══ Input data ══

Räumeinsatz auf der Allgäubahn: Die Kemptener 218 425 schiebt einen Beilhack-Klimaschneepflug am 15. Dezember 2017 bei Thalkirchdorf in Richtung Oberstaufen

═══
══ Input data ══

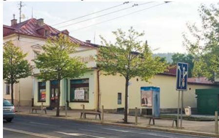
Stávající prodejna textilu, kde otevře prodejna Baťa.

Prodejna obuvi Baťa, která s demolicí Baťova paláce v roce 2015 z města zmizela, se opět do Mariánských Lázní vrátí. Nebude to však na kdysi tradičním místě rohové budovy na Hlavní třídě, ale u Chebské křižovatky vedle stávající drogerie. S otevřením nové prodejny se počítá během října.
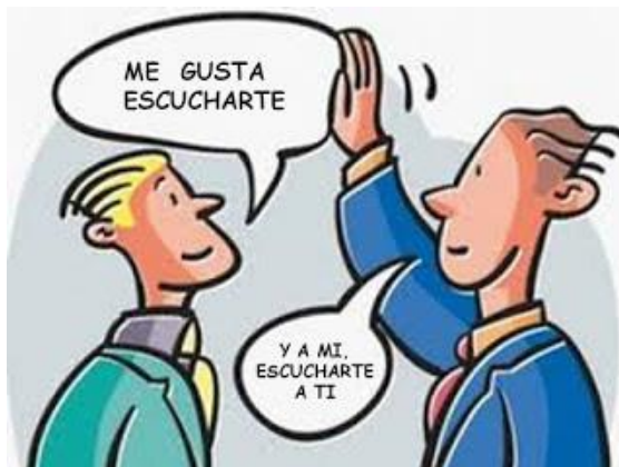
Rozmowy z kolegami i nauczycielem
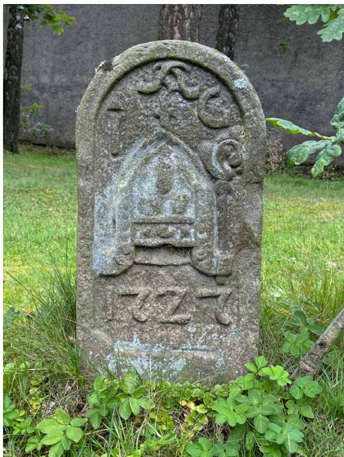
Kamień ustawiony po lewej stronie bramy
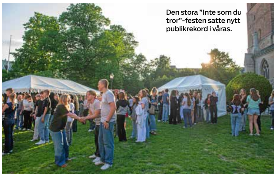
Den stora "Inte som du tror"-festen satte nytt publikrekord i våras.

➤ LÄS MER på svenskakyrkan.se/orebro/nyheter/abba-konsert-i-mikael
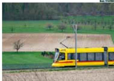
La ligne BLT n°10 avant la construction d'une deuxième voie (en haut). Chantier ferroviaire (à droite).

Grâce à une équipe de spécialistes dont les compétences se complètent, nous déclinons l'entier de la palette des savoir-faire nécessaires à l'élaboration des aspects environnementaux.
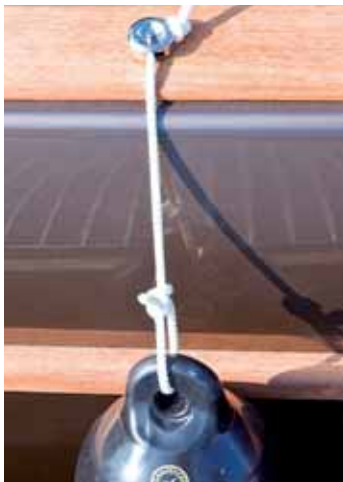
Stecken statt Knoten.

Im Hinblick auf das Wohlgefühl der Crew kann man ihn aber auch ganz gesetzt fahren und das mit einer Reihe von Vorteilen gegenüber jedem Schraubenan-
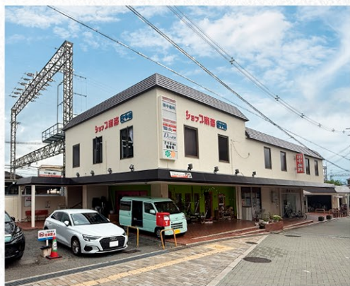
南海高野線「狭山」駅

═══
══ Input data ══

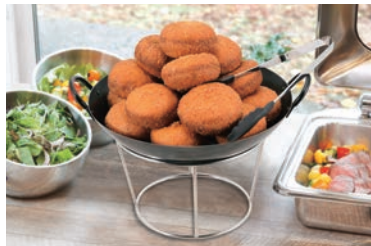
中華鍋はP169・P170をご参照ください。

═══

About this task: Wherever the word "Baťa" appears in a line of the data above, copy that line.

Solution to this task:
Stávající prodejna textilu, kde otevře prodejna Baťa.
Prodejna obuvi Baťa, která s demolicí Baťova paláce v roce 2015 z města zmizela, se opět do Mariánských Lázní vrátí. Nebude to však na kdysi tradičním místě rohové budovy na Hlavní třídě, ale u Chebské křižovatky vedle stávající drogerie. S otevřením nové prodejny se počítá během října.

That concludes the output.